Commonwealth Heritage List
- Official name: Headquarters Building 32, Keswick Barracks
- Type: Listed place (Historic)
- Designated: 22 June 2004
- Reference no.: 105308

= Headquarters Building, Keswick Barracks =

Heritage-listed military building in Adelaide, South Australia

Headquarters Building (Building 32) is a heritage-listed office building at Keswick Barracks, Anzac Highway, Keswick, South Australia, Australia. It was added to the Australian Commonwealth Heritage List on 22 June 2004 and the former Register of the National Estate on 28 September 1982.

== History ==

In 1854, a Militia Act was passed in South Australia, giving the Government the power to call out a force of 2000 volunteers. This early military force was based at the Mounted Police Barracks off Kintore Avenue in Adelaide.
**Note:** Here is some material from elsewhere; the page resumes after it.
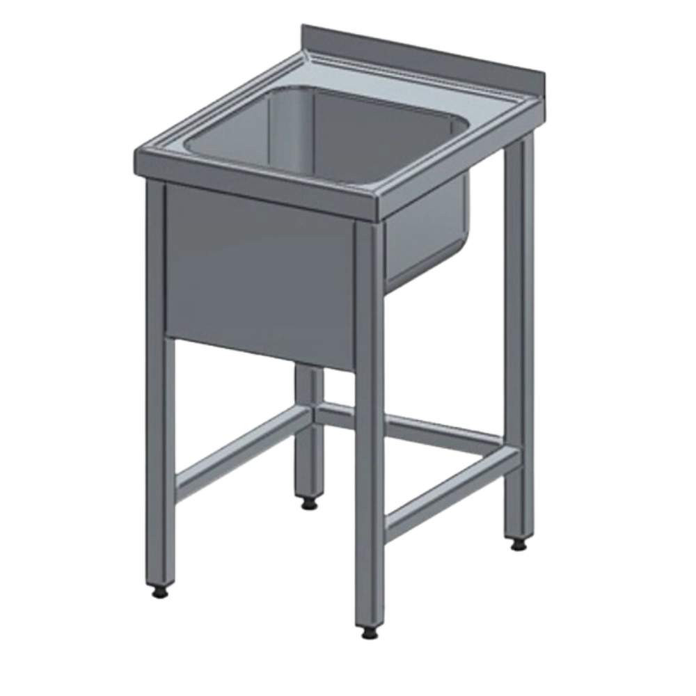 A masszív vázszerkezet és a zártszelvényből készült lábak biztosítják a stabilitást még intenzív használat mellett is. Az állítható lábak lehetővé teszik a pontos szintbeállítást egyenetlen padlókon, így a munkaasztal és környezete mindig optimális magasságban helyezkedik el. A konstrukció egyszerűen csatlakoztatható a meglévő víz- és szennyvízrendszerhez, valamint kompatibilis ipari munkalapokkal és aláépítési megoldásokkal.
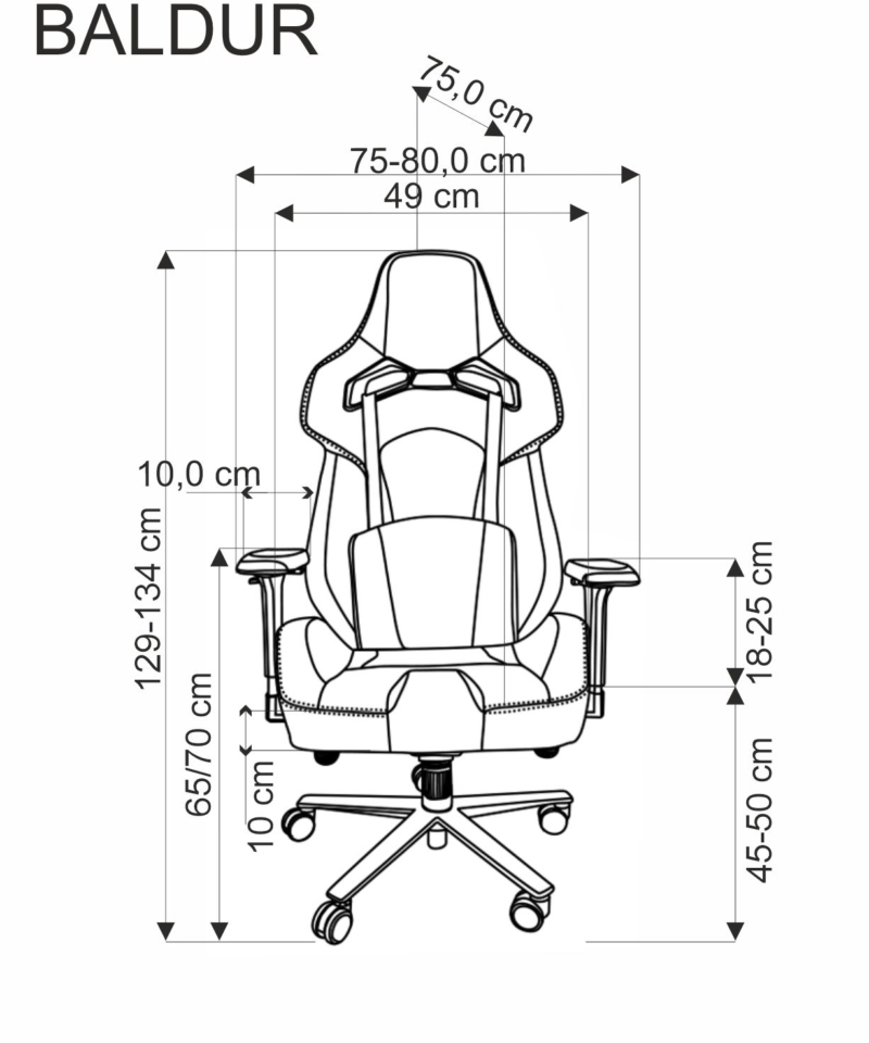 dimensions: 75-80/75/129-134/45-50 cm; MULTIBLOCK function / adjustable armrests / aluminum base, eco leather, color: black

A military parade ground was located in the area now occupied by the north and east wings of the South Australian Museum. A permanent military force was authorised in 1878, and in 1884 a force of one officer and 20 men was raised. As early as 1889, the unification of Australia's colonial military forces was suggested. With the Federation of Australia, South Australia's defence force, along with the other colonial defence forces, was taken over by the Commonwealth.

As the development of a Commonwealth public works department took some time, the responsibility for constructing and maintaining Commonwealth Government buildings in South Australia, specifically post offices, customs and defence buildings, was initially given to the South Australian Public Works Department.

In 1912, a contract was let for the construction of a military headquarters at Keswick in South Australia for a cost of 21,990 pounds. Contracts were also let for the Royal Australian Field Artillery Barracks at 14,565 pounds and for stables, gun park, barn, farriers shop, gym, quartermaster's store and sick horse bay for 12,999 pounds. The Headquarters Building was completed in 1913 and was the first substantial Commonwealth building to be constructed in South Australia.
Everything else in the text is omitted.